Baptist Minister


#1

SAAD hospice care sent their Chaplin to visit my wife this week. I discovered he is a retired Baptist Minister who has been married to a Catholic for 50 years. Isn’t 50 years long enough to bring someone to R.C.I.A?


#2

Isn’t the fact that he was kind enough to visit your wife enough for you without having to disparage his wife?


#3

If fifty years wasn’t long enough for a Baptist minister to bring his wife to his own Church …

By the way, you put a title on this thread that seems to be unrelated to the content of your post. The allusion is too subtle for me, perhaps.


#4

Forgive me if you think I am disparaging his wife. The post is intended to highlight the need for Evangelization in our faith.


#5

You can see where I got that idea, can’t you?

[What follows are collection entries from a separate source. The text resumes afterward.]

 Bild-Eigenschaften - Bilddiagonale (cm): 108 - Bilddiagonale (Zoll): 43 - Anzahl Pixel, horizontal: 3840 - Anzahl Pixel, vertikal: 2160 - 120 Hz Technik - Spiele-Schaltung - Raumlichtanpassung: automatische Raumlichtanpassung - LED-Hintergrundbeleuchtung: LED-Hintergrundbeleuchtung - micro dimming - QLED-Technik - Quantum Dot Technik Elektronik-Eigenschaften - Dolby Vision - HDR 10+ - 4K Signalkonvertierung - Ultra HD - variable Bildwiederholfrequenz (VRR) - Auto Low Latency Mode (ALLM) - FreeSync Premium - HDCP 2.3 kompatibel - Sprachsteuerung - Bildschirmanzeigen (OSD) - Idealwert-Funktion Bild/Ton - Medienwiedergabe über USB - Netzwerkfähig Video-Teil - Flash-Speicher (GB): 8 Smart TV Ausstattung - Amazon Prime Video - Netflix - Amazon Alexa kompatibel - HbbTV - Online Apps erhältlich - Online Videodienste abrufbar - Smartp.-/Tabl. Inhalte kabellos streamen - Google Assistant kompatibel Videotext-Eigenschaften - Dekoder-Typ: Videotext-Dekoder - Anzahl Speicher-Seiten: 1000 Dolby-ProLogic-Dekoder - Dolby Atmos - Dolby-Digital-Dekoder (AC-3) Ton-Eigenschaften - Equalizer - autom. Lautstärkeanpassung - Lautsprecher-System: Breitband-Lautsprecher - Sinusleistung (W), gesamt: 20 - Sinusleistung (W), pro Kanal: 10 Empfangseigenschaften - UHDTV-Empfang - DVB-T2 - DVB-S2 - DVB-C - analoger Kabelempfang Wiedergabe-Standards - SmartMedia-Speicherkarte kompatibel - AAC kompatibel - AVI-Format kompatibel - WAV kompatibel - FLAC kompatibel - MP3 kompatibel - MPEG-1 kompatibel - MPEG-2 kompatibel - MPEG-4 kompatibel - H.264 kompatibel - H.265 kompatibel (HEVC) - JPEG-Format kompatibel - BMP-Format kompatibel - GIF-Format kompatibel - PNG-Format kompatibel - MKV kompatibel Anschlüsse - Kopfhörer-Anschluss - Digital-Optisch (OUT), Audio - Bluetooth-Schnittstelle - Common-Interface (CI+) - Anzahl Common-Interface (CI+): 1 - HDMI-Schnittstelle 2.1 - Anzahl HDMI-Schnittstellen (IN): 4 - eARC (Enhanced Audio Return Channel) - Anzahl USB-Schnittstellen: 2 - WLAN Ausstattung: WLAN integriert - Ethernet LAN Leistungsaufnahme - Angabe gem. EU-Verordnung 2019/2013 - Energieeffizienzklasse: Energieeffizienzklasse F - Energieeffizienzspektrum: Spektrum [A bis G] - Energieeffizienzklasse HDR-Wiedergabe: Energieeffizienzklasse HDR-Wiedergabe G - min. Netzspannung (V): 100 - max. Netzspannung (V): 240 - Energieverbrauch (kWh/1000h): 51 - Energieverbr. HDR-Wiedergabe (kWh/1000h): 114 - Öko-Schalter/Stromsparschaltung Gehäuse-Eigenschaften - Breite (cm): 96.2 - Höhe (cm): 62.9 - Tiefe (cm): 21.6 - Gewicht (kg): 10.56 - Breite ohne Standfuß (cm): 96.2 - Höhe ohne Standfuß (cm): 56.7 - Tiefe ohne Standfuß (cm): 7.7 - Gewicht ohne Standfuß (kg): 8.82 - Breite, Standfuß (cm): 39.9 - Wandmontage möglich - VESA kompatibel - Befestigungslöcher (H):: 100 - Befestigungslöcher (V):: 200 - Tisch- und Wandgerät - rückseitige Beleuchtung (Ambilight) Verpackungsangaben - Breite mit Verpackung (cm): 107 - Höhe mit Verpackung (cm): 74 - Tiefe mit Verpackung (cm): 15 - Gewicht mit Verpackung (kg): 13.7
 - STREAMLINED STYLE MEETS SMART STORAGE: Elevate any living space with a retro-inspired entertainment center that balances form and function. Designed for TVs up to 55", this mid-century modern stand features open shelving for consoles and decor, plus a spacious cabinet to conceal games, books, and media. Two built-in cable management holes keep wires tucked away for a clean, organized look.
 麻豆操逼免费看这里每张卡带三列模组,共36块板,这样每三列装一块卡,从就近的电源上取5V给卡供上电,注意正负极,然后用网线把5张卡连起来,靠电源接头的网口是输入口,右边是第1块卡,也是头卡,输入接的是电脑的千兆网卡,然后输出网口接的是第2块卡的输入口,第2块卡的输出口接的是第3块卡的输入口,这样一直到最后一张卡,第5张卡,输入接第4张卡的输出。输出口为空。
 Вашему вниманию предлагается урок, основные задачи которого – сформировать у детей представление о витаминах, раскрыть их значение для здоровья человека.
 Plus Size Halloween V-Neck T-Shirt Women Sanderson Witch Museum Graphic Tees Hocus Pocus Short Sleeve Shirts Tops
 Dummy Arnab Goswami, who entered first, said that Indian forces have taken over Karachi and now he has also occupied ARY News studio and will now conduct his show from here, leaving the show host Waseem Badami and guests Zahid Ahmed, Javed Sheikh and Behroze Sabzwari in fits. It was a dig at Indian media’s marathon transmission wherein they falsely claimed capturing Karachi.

That’s not the way to go about it.


#6

We have our part to do, but God also must do His part. As we learn from the Gospels, sometimes He doesn’t call souls until even the 11th hour (meaning the very end). Perhaps this person visiting the sick and dying is part of the means though which he will obtain from God the graces he needs.


#7

For a protestant minister to convert, they will lose their livelihood, their peers, their friends, the part of the Tiber they cross is far more dangerous. Most have only a Baptist Bible School for education, not something that transfers to the professional world.


#8

We can evangelize our families forever, but ultimately, it’s in God’s timing and through the direction of the Holy Spirit. I’m sure he and his wife had discussed this and prayed for each other.


#9

The Holy Scriptures are full of evidence how God uses us to accomplish his will. In each case it depends on our total surrender to his will before really great things happen. It is easy to point at God when things do not go according to plan, but we need to look in the mirror to discover the obstacle to his grace before putting the ball back into his court.


#10

Very true. Those pastors who have converted made tremendous sacrifices, but with the help of the Coming Home Network have gone on to live very productive lives. Alex Jones is one of my favorite conversion stories. You can find him on YouTube.


#11

I have not spoken to John about his wife, but I plan to inquire about her when he comes next week. She might have converted to Baptist. We shall see.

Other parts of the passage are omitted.